Records from a collection

+===+

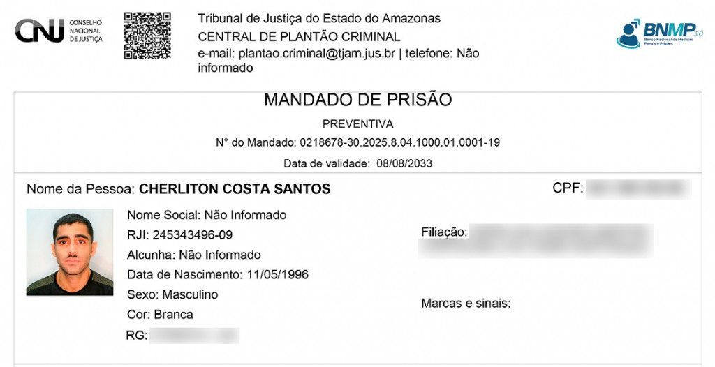 O documento que ordenou a prisão do motorista por estupro foi expedido pelo juíz Glen Hudson Paulain Machado, da Central de Plantão Criminal do Tribunal de Justiça do Amazonas (TJAM), no sábado, 9. O mandado judicial foi cumprido por agentes da Delegacia Especilizada em Crimes Contra a Mulher (DECCM) da Zona Centro-Sul três dias depois.
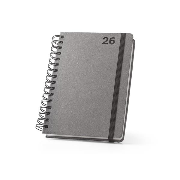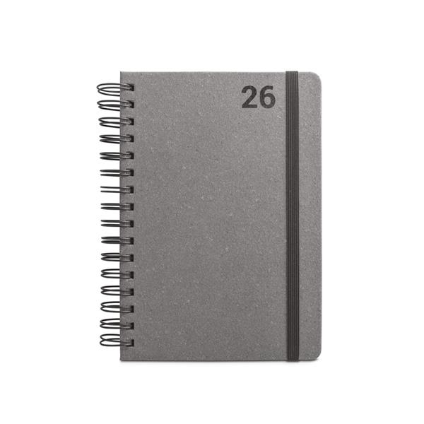 Agenda A5, com argolas, em pele (58% reciclada). Possui um elástico para fecho da agenda. Está organizada num plano diário (70 g/m²). Gravação da logomarca em 1 cor já inclusa.
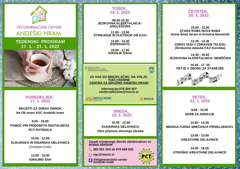 vsako 1. in 3. sredo v VGC Andeški hram (od 8.30 do 9.30)
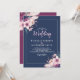 Combinação de cor botânica moderna entre marinho e rosa escuro/púrpura com flores a aquarelas em pinks, fuchsia, lavanda e verde com uma fina estrutura branca na frente. Cor-de-rosa escuro/roxo parte traseira do convite apresenta as iniciais do casal feliz no centro.
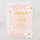 Seven is a Vibe Retro Check Pink Daisy Invitation
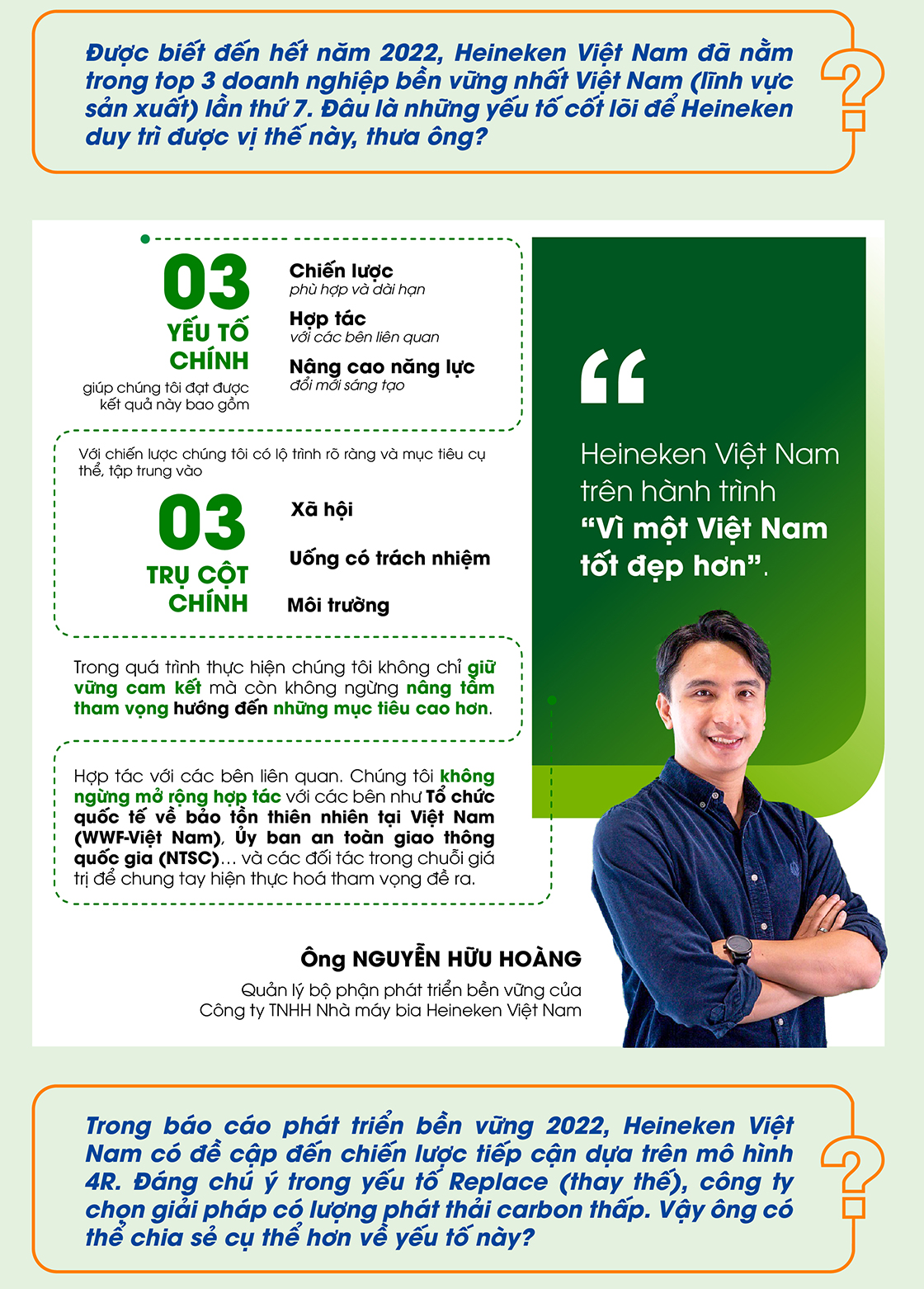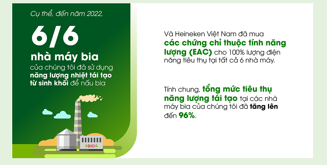 Đúng là tại Heineken Việt Nam, chúng tôi đặt ra tham vọng phải đạt mức phát thải ròng bằng “0” trong sản xuất vào năm 2025 với mô hình 4R bao gồm: Reduce (giảm thiểu), Replace (thay thế), Remove (loại bỏ) và Report (báo cáo). Trong đó đặc biệt yếu tố thay thế, chúng tôi thay thế các năng lượng hoá thạch bằng năng lượng tái tạo hoặc các giải pháp có lượng phát thải carbon thấp.
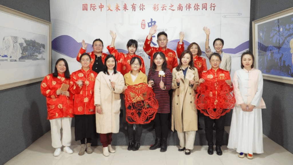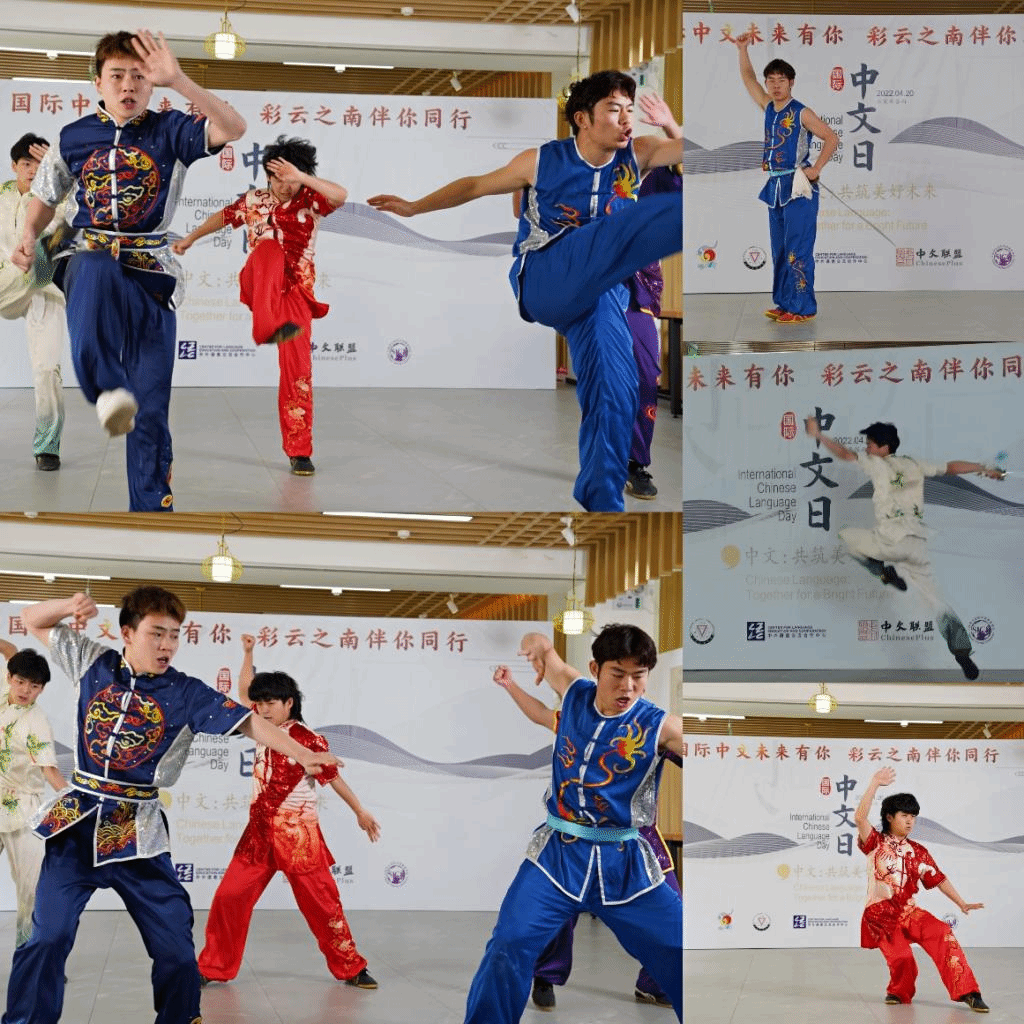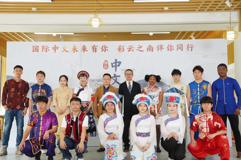4月20日,为庆祝2022年“国际中文日”,响应教育部中外语言交流合作中心、中文联盟 “中文:共筑美好未来”的 活动倡议,国际汉语教育学院联合海内外合作院校、机构,共同举办了“国际中文未来有你,彩云之南伴你同行”庆祝活动。国际汉语教育学院党委书记和雪莲,院长王秀成,学院其他领导、相关部门、教师代表、昆明市非物质文化遗产保护传承基地——合虚民族民间文化传习馆艺术家,以及在校国际留学生参加了现场活动,海外合作院校教师、学生等通过网络参加线上直播,共计上千人通过线上线下的方式参加了本次活动。

+===+

◆ Task description ◆
Write out, word for word, the lines from the start of the data through the one holding "vsako 1. in". Omit pictures.

◆ Written answer ◆
 O documento que ordenou a prisão do motorista por estupro foi expedido pelo juíz Glen Hudson Paulain Machado, da Central de Plantão Criminal do Tribunal de Justiça do Amazonas (TJAM), no sábado, 9. O mandado judicial foi cumprido por agentes da Delegacia Especilizada em Crimes Contra a Mulher (DECCM) da Zona Centro-Sul três dias depois.
 Agenda A5, com argolas, em pele (58% reciclada). Possui um elástico para fecho da agenda. Está organizada num plano diário (70 g/m²). Gravação da logomarca em 1 cor já inclusa.
 vsako 1. in 3. sredo v VGC Andeški hram (od 8.30 do 9.30)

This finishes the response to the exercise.